As far as I know it's just a way of automating the allocation, it expands out to the necessary loops.
March 04, 2013
On Monday, 4 March 2013 at 04:15:41 UTC, bearophile wrote:
> John Colvin:
>
>> First things first:
>> You're not just timing the multiplication, you're timing the memory allocation as well. I suggest using http://dlang.org/phobos/std_datetime.html#StopWatch to do some proper timings in D
>
> Nope, what matters is the total program runtime.
>
> Bye,
> bearophile

The performance of the multiplication loops and the performance of the allocation are separate issues and should be measured as such, especially if one wants to make meaningful optimisations.
March 04, 2013
On Monday, 4 March 2013 at 14:59:21 UTC, bearophile wrote:
>
> A bit better version:
> http://codepad.org/jhbYxEgU
> Bye,
> bearophile

http://dpaste.dzfl.pl/ is back online btw
March 04, 2013
John Colvin:

> The performance of the multiplication loops and the performance of the allocation are separate issues and should be measured as such, especially if one wants to make meaningful optimisations.

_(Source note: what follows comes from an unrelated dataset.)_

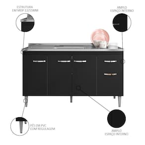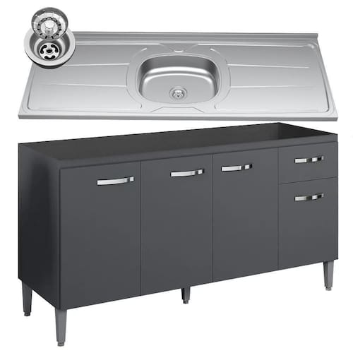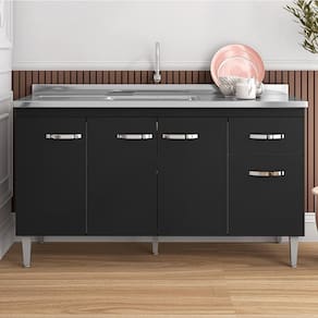 Conheça o Balcão Gabinete Com Pia Inox 150cm 4 Portas e 1 Gaveta Gabriela Preto, da AJL. Prático e funcional, para auxiliar no seu dia a dia!

If you want to improve the D compiler, druntime, etc, then I agree you have to separate the variables and test them one at a time. But if you are comparing languages+runtimes+libraries then it's better to not cheat, and test the whole running (warmed) time.


> http://dpaste.dzfl.pl/ is back online btw

dpaste is too much javascript-heavy for a very quick pasting. codepad is much more light if I don't want to run D code.

Bye,
bearophile
March 04, 2013
> A bit better version:
> http://codepad.org/jhbYxEgU
>
> I think this code is good compared to the original (there are better algorithms).

You can make it much faster even without really changing the algorithm. Just by reversing the order of inner two loops like this:

void matrixMult2(in int[][] m1, in int[][] m2, int[][] m3) pure nothrow {
    foreach (immutable i; 0 .. m1.length)
        foreach (immutable k; 0 .. m2[0].length)
            foreach (immutable j; 0 .. m3[0].length)
                m3[i][j] += m1[i][k] * m2[k][j];
}

you can make the code much more cache friendly (because now you aren't iterating any matrix by column in the inner loop) and also allow the compiler to do auto vectorization. matrixMul2() takes 2.6 seconds on my machine and matrixMul()takes 72 seconds (both compiled with  gdmd -O -inline -release -noboundscheck -mavx).

This isn't really relevant to the comparison with C++ in this thread, I just thought it may be useful for anyone writing matrix code.